> [Data records]
--

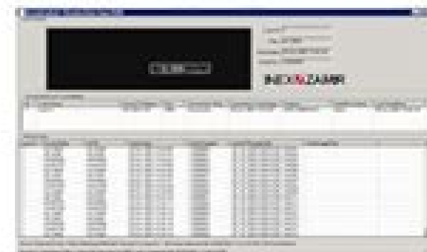
Optional Access Control Soft- ware provides gate control
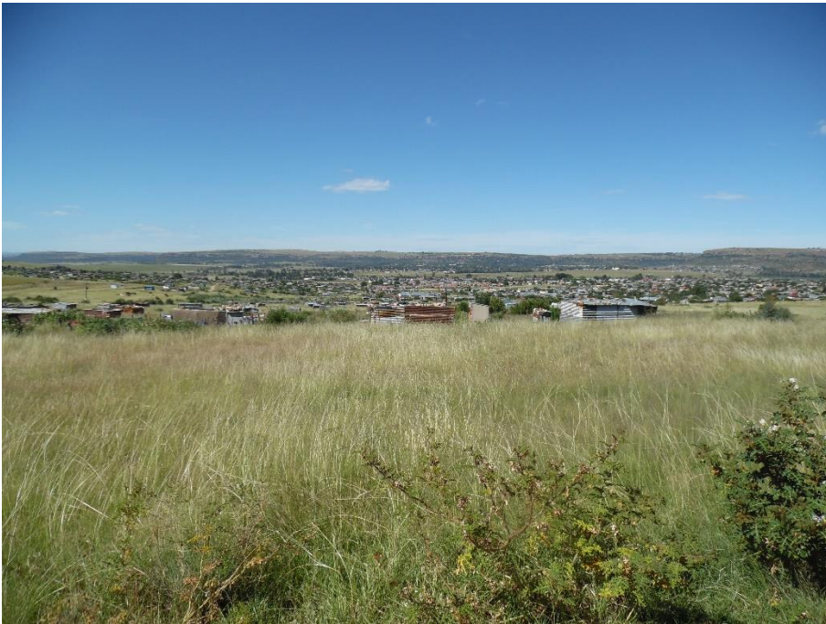
Photograph 6: Site characteristics (Study area 2)
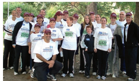
A few of the 300 participants in the MM5K Walk/Run.

our most successful event to date. We could never have done this without the enthusiasm, dedication and ongoing support of each every one of our committed fundraisers, donors, corporate sponsors, patients, families, friends, volunteers and the PMH medical/support staff.
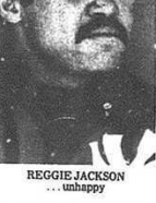
REGGIE JACKSON ... unhappy

with certain guys on this team. I never do damage to other players. The only damage I do is to myself. I can't understand what the problem is, I'm one of the big producers on this team."
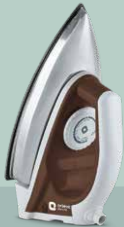
750W Metal Body

APPROVED BY: 2-year Replacement warranty
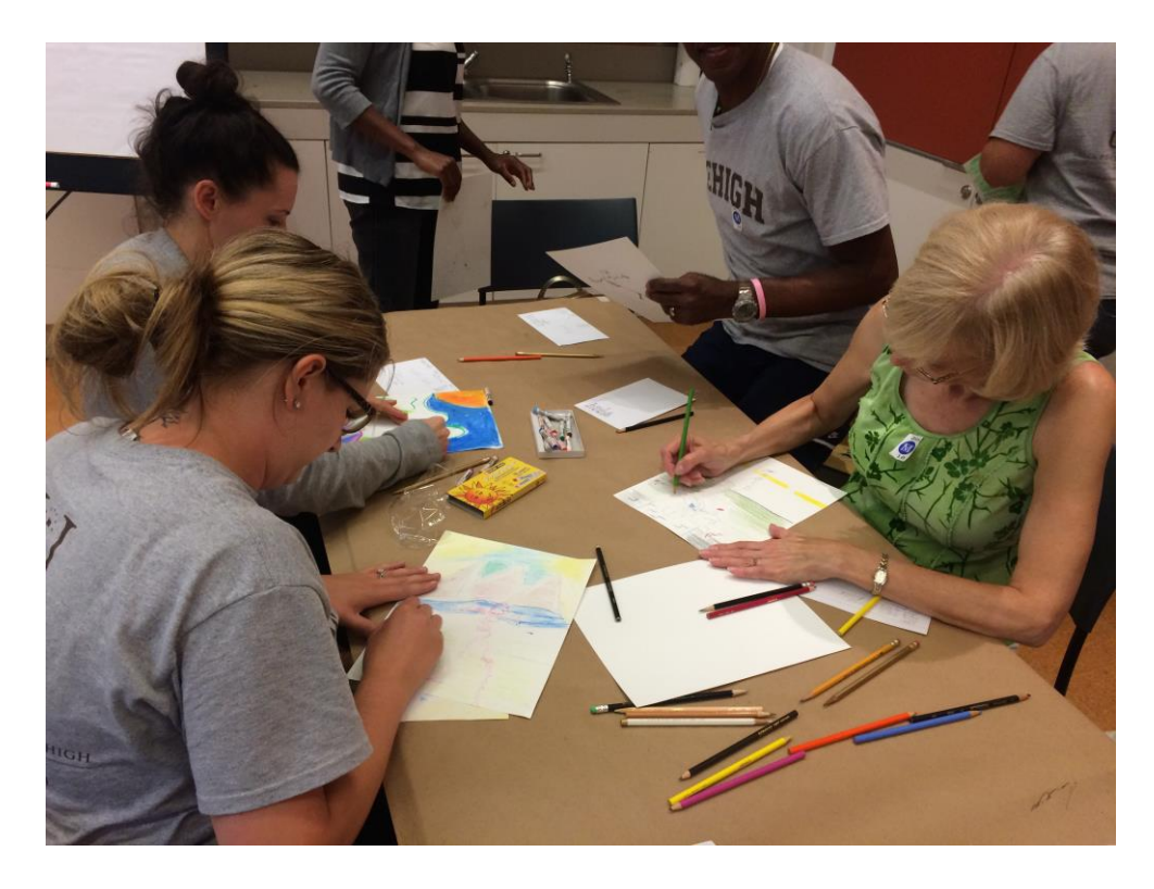
Figure 2. Participants explore portraiture through sketches
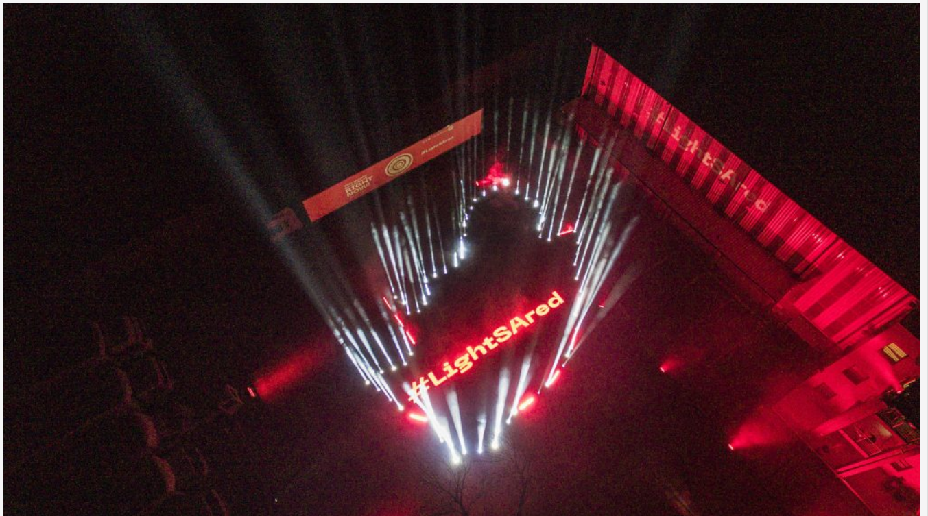
MGG Warehouse

comprised six Robe DL4S Profiles, 16 x LEDWash 600s and four PATT2013s.
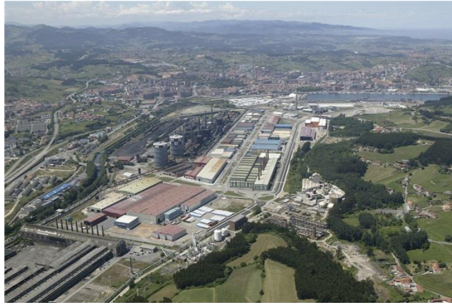
Aerial view of the PEPA

This action is considered to comply with good practices since it fulfils the following:
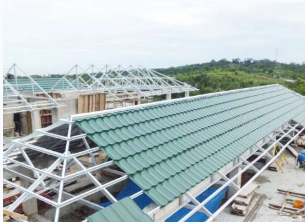
UNIVERSITAS BORNEO TARAKAN

--

> [Exercise goal] Please set down, word for word, the lines starting at the line that holds "REGGIE JACKSON ... unhappy" and running to the end of the listing, with no pictures.

> [Response area]
REGGIE JACKSON ... unhappy

with certain guys on this team. I never do damage to other players. The only damage I do is to myself. I can't understand what the problem is, I'm one of the big producers on this team."
750W Metal Body

APPROVED BY: 2-year Replacement warranty
Figure 2. Participants explore portraiture through sketches
MGG Warehouse

comprised six Robe DL4S Profiles, 16 x LEDWash 600s and four PATT2013s.
Aerial view of the PEPA

This action is considered to comply with good practices since it fulfils the following:
UNIVERSITAS BORNEO TARAKAN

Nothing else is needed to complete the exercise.